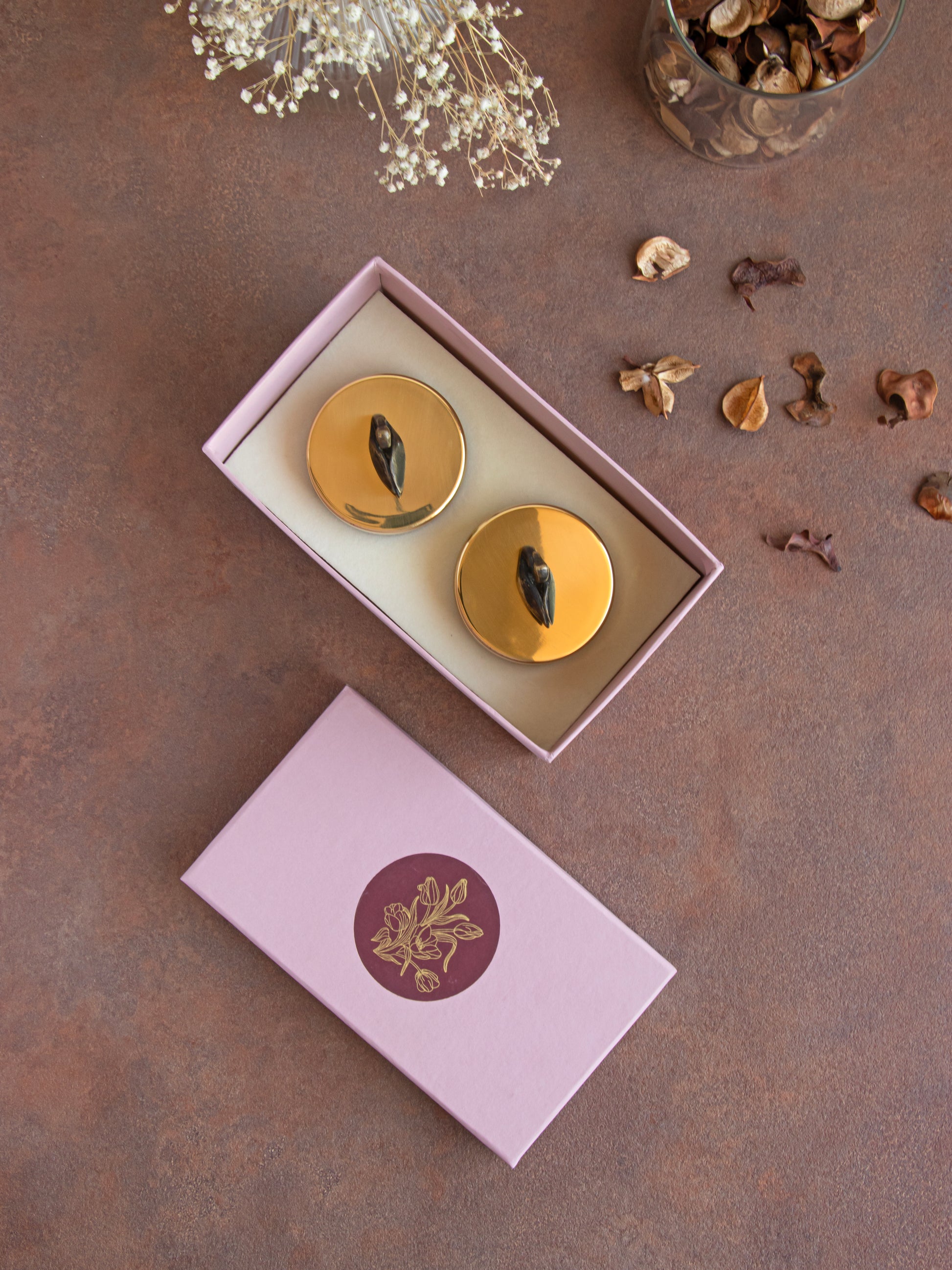 Finish: Antique finish knob and brass gold lid.
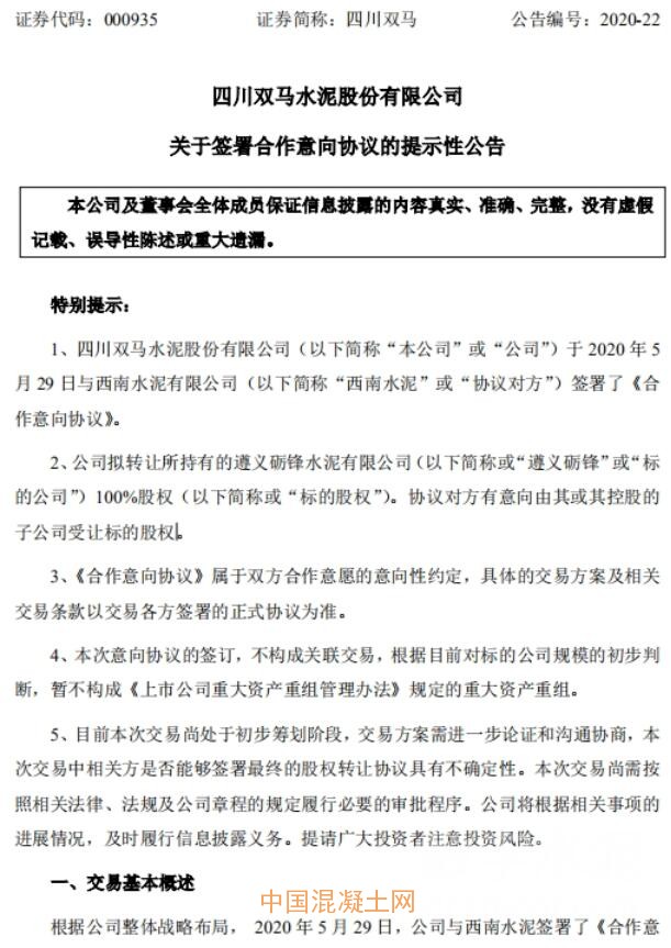 四川雙馬6月1日晚間公告,公司擬向西南水泥有限公司轉(zhuǎn)讓所持有的遵義礪鋒水泥有限公司100%股權(quán),初步判斷暫不構(gòu)成重大資產(chǎn)重組。遵義礪鋒2019年度實(shí)現(xiàn)營業(yè)收入5.63億元,凈利潤6412.7萬元。此次交易實(shí)施后,公司將繼續(xù)聚焦四川區(qū)域水泥業(yè)務(wù)板塊的穩(wěn)定運(yùn)營和穩(wěn)步發(fā)展。
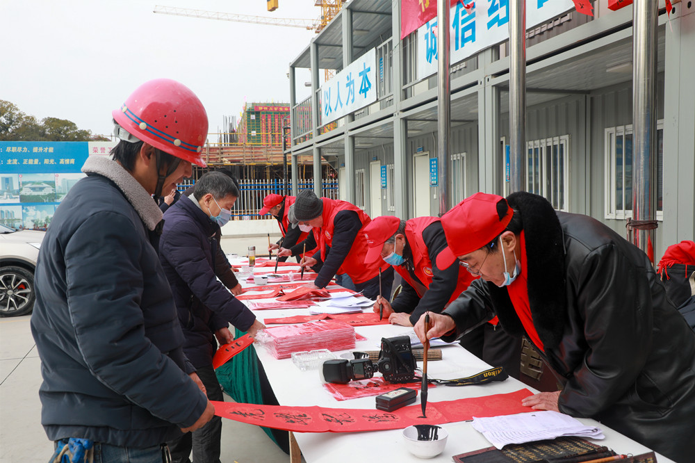 揚建網訊 2022年1月20日上午,市人大機關老干部黨支部聯合揚州市老干部書畫研究會,來到我集團項目管理三公司承建的揚州大學生命科學大樓項目建設工地,為駐守工地的農民工兄弟們寫春聯、送福字。在新年來臨之際,提前向他們送上新春祝福,為他們送吉祥,鼓干勁,感謝他們為“好地方”揚州的城市建設和發展默默奉獻智慧與汗水。
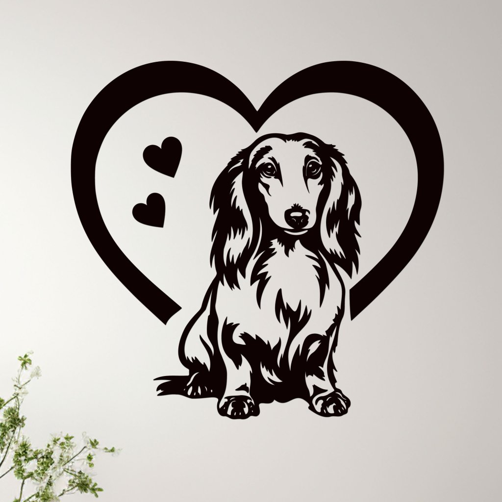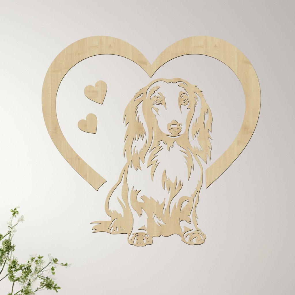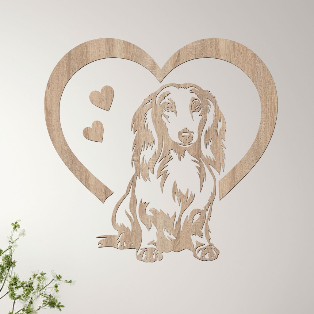 Dřevěný obraz Dlouhosrstého jezevčíka v srdci
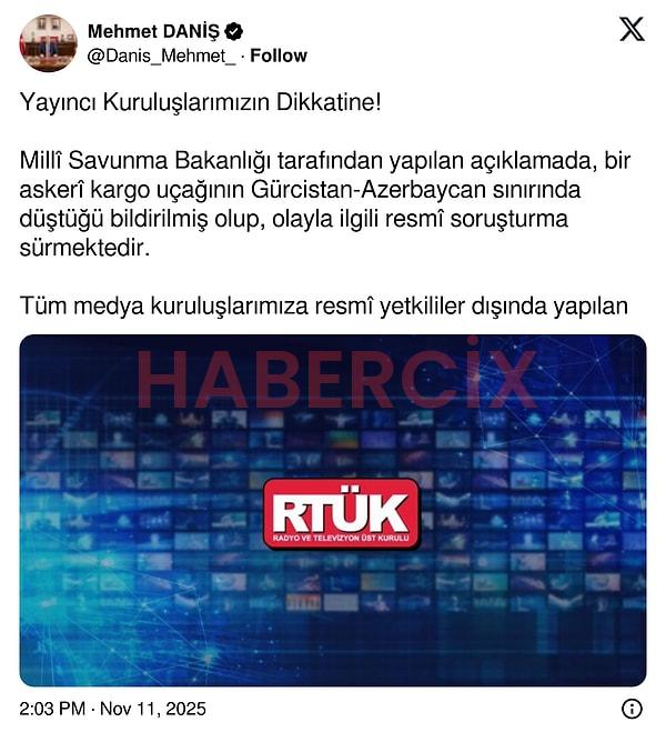 RTÜK Başkanı Mehmet Daniş’ten düşen uçakla ilgili uyarı
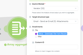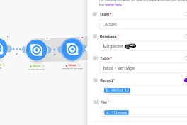 Guten Morgen liebe Ninoxer Habe mir über make.com den Email Versand eingerichtet. Dieser funktioniert. Nun habe ich diesen erweitert um den Datenanhang von mehreren Daten anzuhängen.…

* _ABOUT THIS TASK_: Repeat only the lines from the one holding "四川雙馬6月1日晚間公告,公" through the last line of the data, inclusive. Keep the pictures out.

* _ANSWER TO THE EXERCISE_:
 四川雙馬6月1日晚間公告,公司擬向西南水泥有限公司轉(zhuǎn)讓所持有的遵義礪鋒水泥有限公司100%股權(quán),初步判斷暫不構(gòu)成重大資產(chǎn)重組。遵義礪鋒2019年度實(shí)現(xiàn)營業(yè)收入5.63億元,凈利潤6412.7萬元。此次交易實(shí)施后,公司將繼續(xù)聚焦四川區(qū)域水泥業(yè)務(wù)板塊的穩(wěn)定運(yùn)營和穩(wěn)步發(fā)展。
 揚建網訊 2022年1月20日上午,市人大機關老干部黨支部聯合揚州市老干部書畫研究會,來到我集團項目管理三公司承建的揚州大學生命科學大樓項目建設工地,為駐守工地的農民工兄弟們寫春聯、送福字。在新年來臨之際,提前向他們送上新春祝福,為他們送吉祥,鼓干勁,感謝他們為“好地方”揚州的城市建設和發展默默奉獻智慧與汗水。
 Dřevěný obraz Dlouhosrstého jezevčíka v srdci
 RTÜK Başkanı Mehmet Daniş’ten düşen uçakla ilgili uyarı
 Guten Morgen liebe Ninoxer Habe mir über make.com den Email Versand eingerichtet. Dieser funktioniert. Nun habe ich diesen erweitert um den Datenanhang von mehreren Daten anzuhängen.…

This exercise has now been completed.